日本の重要な暦、年中行事ですから、しっかりと理解したいですね。

そして、子供さんなどにも分かりやすく教えてあげましょう。

土用とは

土用とは

土用とは四季の変わり目のことで、立春・立夏・立秋・立冬の直前18日間のことをいいます。

それぞれの土用の最初の日を土用の入り、最後の日を節分といいます。

土用といえば、夏の土用の丑に鰻を食べる習慣が浸透していて、夏だけと思われがちですが、四季を通じて年4回あります。

また、節分も立春の前日の2月3日の豆まきの日だけと思われる方が多いですが、これも年4回あります。

節分は、季節を分ける日という意味で春夏秋冬がその日から入れ替わるということを示します。

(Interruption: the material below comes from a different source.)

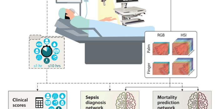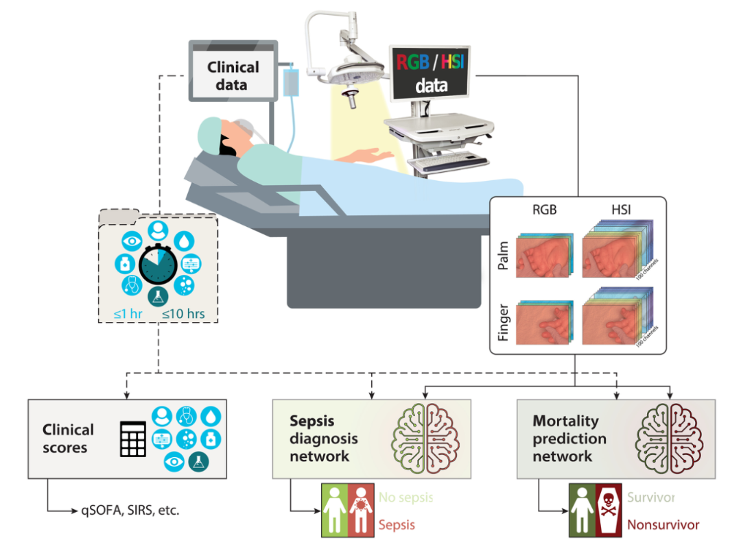由于脓毒症仍然是死亡的主要原因,早期识别脓毒症患者和死亡高危人群是一项具有高度社会经济意义的挑战。鉴于高光谱成像 (HSI) 监测微循环改变的潜力,该研究提出了一种深度学习方法,使用在几秒钟内获取的单个 HSI 立方体来自动诊断和死亡率预测。在一项前瞻性观察性研究中,从 480 多名重症监护病房患者的手掌和手指收集了 HSI 数据。应用于 HSI 测量的神经网络预测败血症和死亡率,受试者工作特征曲线下面积 (AUROC) 分别为 0.80 和 0.72。随着临床数据的增加,表现显着改善,脓毒症的 AUROC 达到 0.94,死亡率达到 0.83。基于深度学习的 HSI 分析能够快速、无创地预测脓毒症和死亡率,对加强诊断和治疗具有潜在的临床价值。
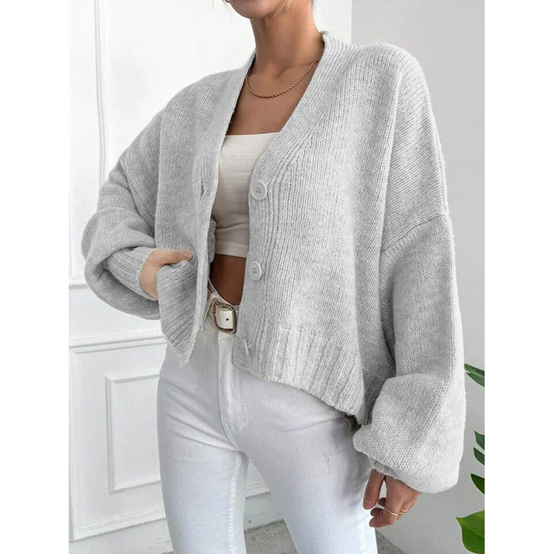Knitted Cardigan Women's 2025 Autumn And Winter New Item Casual Loose V-neck Lantern Sleeves Knitted Sweater Women

つまり、土用の18日間は、季節が変わる時期で体調を崩しやすいので、力仕事や気を遣う行事は控えて、滋養のあるものを食べて休んでおきましょうという先人の知恵でもあるのです。

土用の歴史や背景について

土用の歴史をいう前に、陰陽五行説(いんようごぎょうせつ)を少し知っていなければなりませんので、説明します。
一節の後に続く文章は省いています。